Every line of the material that mentions the word "Rainbow" should be copied out.

- TASK INPUTS
┏━━
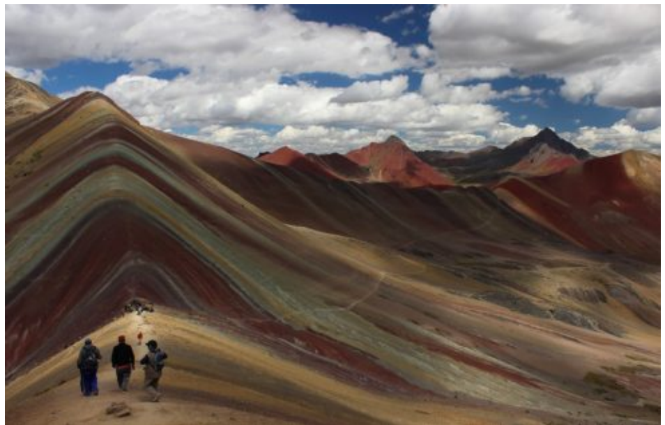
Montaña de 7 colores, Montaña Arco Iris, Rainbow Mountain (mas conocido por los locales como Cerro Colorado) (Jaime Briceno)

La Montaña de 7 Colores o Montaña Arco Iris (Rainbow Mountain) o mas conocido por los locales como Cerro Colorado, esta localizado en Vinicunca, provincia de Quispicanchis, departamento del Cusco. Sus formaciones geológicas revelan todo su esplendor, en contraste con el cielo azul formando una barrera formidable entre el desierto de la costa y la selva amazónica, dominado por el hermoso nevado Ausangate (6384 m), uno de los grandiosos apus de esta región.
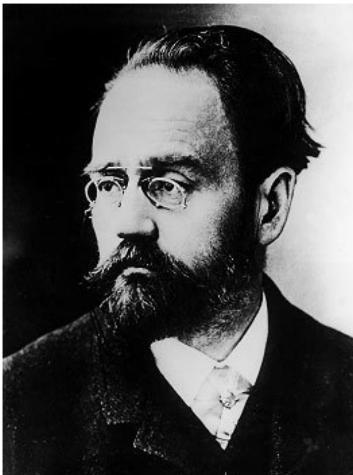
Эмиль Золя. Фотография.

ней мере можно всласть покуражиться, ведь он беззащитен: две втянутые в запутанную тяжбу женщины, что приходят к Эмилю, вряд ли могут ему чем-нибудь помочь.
┗━━
┏━━
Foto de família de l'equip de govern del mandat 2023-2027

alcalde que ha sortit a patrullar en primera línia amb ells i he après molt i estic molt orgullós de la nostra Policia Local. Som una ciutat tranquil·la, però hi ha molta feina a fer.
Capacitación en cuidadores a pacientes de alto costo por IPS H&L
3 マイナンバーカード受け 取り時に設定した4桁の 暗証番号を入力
┗━━
- RESULT OF THE TASK
Montaña de 7 colores, Montaña Arco Iris, Rainbow Mountain (mas conocido por los locales como Cerro Colorado) (Jaime Briceno)
La Montaña de 7 Colores o Montaña Arco Iris (Rainbow Mountain) o mas conocido por los locales como Cerro Colorado, esta localizado en Vinicunca, provincia de Quispicanchis, departamento del Cusco. Sus formaciones geológicas revelan todo su esplendor, en contraste con el cielo azul formando una barrera formidable entre el desierto de la costa y la selva amazónica, dominado por el hermoso nevado Ausangate (6384 m), uno de los grandiosos apus de esta región.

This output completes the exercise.